Thursday 19 November 2015

Is the Crackdown in Iran the Start of a Fresh Tyranny?

The recent arrests of Iranian journalists and businessmen have sent chills through Tehran. Is the string of detentions merely a coincidence or the beginning a larger crackdown?

The arrests occur against the backdrop of a larger, more dangerous, political drama centered on the character of a post-nuclear deal Iran, yet the conflict remains far from settled.

The heart of the current fight is Supreme Leader Ayatollah Ali Khamenei’s campaign against foreign influence, or nafooz in Persian. Khamenei blessed the Joint Comprehensive Plan of Action (JCPOA) in order to resolve Iran’s standoff with the world powers over its nuclear program.

For the ayatollah, however, the deal is a double-edged sword. With sanctions relief comes eventual reintegration into the global economy. The consequent flood of international investment and consumer goods may also bring political and cultural ideas the Islamic Republic’s leaders fear will undermine the strength and legitimacy of their regime.

For President Hassan Rouhani and many of his allies, this is a problem that can be managed. Since his election in 2013, Rouhani has pursued a policy of détente—or, more accurately tanesh-zadayi (relaxation or de-escalation of tensions)—with the West.

This is not a show of goodwill toward the United States or its allies but rather a cold calculation that the regime’s survival requires Iran to strengthen its economic foundation by decreasing the pressure from sanctions and thereby lessening the country’s isolation.

There is historical precedence for this approach. Iranian academics have noted that Tehran saw relative economic growth in the 1990s and early 2000s after normalizing relations with most European countries following the Iran-Iraq War. Rouhani hopes to improve upon earlier efforts by extracting economic value from international engagement, without risking the threat Western influence poses to the government’s stability.

Opposed to him are those in Iran who see engagement with the West as inherently hazardous and ideologically unacceptable, even if they buy into the idea of economic improvement through greater foreign investment. Iran’s Islamic Revolutionary Guard Corps (IRGC) is leading the charge on this front, along with other so-called principalists, hard-line politicians and conservative members of the judiciary and the clergy.
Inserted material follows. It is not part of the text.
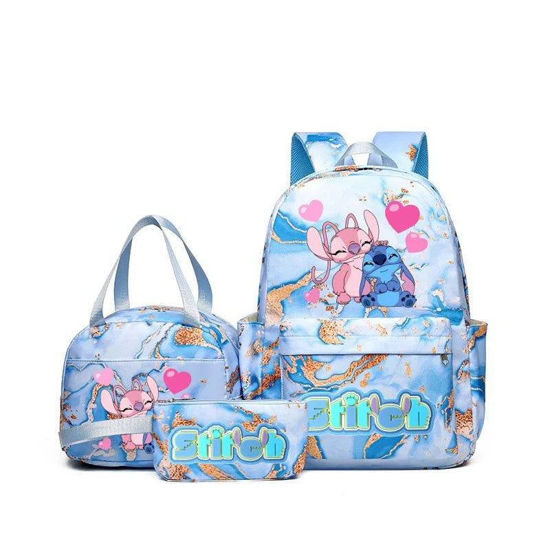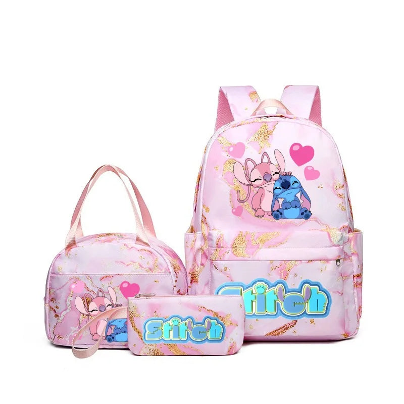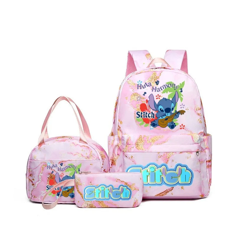 Get ready for school in style with this 3-piece backpack set, including a spacious main backpack, a matching pencil case, and a practical lunch bag. Made from durable polyester with a fun cartoon print, this set is perfect for carrying books, stationery, and snacks all in coordinated fashion.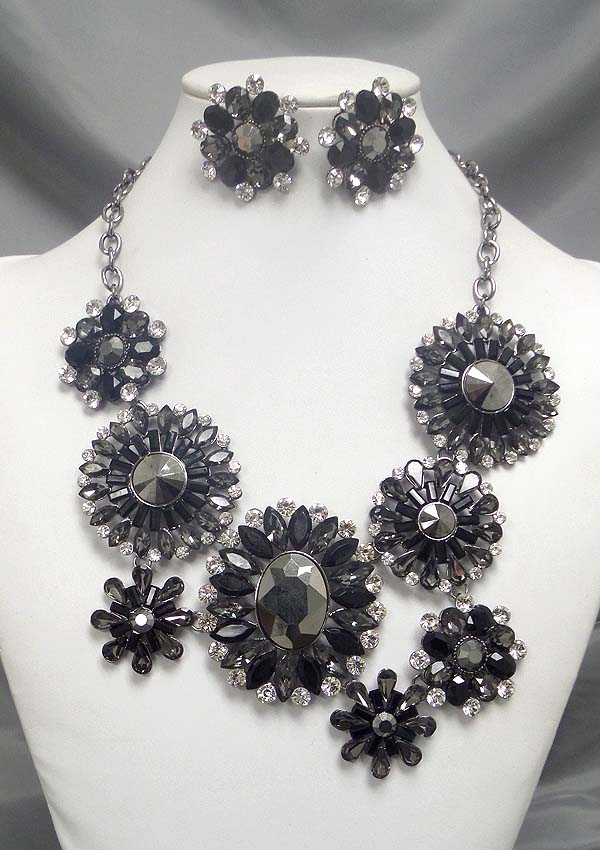 Luxury class victorian style and austrian crystal deco multi flower party necklace earring set

On November 2, IRGC Commander Mohammad Ali Jafari argued the nuclear agreement has ushered in a period of major subversion in the Islamic Republic and criticized Rouhani’s government for “trusting the West and believing in liberalism.”

The game is being played out on more levels than one, however. There are strategic arguments about how to best resist financial coercion by world powers. Iran’s reformists and pragmatists argue Iran should develop an economy deeply integrated with global markets, while more conservative voices urge less entanglement and greater self-sufficiency. The restrictions on foreign direct investment and contracts with major international companies are the battlegrounds here.

Rouhani has also picked fights with the Guardian Council, the body that determines who is allowed to run for office, in the lead-up to the February 2016 elections for parliament and the Assembly of Experts (which will chose the next Supreme Leader). The president knows he has popular support but fears his allies will be prevented from running.

The arrests of Iranian journalists and businesspeople with significant international ties is merely another escalation a long-standing conflict. The IRGC is responsible for the recent arrests and remains very worried about the political forces that the JCPOA and Rouhani’s policies have unleashed.

In the eyes of the IRGC’s leadership, progressive journalists and Western-linked businessmen are conduits for destructive foreign influence. They are also the types of people needed for Rouhani’s vision for Iran’s economic and political growth.

The president is boldly pushing back, implicitly criticizing the IRGC for stifling the media for false reasons. Rouhani likely recognizes that a campaign by his political opponents to root out foreign influence could become an uncontainable beast that could consume him and his allies.

The stakes in this contest are very high. Both camps anticipate the potential existential challenge for the Islamic Republic when Khamenei dies, likely in the next few years. Each side foresees disaster for Iran—and loss of its own power—if the other side “wins” through shaping the selection of the next supreme leader and altering the post-JCPOA political and economic landscape in its favor.

Khamenei has still not weighed in on this most recent domestic spat. How long he will allow this internal struggle to continue is the central question right now. With the elections and major foreign investment choices quickly approaching, a decision will be needed soon.

Khamenei will side with whomever he feels will best uphold the status quo of the Islamic Republic. Rouhani, as well as those Western actors who hoped the nuclear deal would open a new era in relations with Iran, should be very nervous.

J. Matthew McInnis is a resident fellow at the American Enterprise Institute. This report was produced in cooperation with the Iran team of the Critical Threats Project, which analyzes the most important Iran news events and provides an outlook on the regime’s strategic calculus.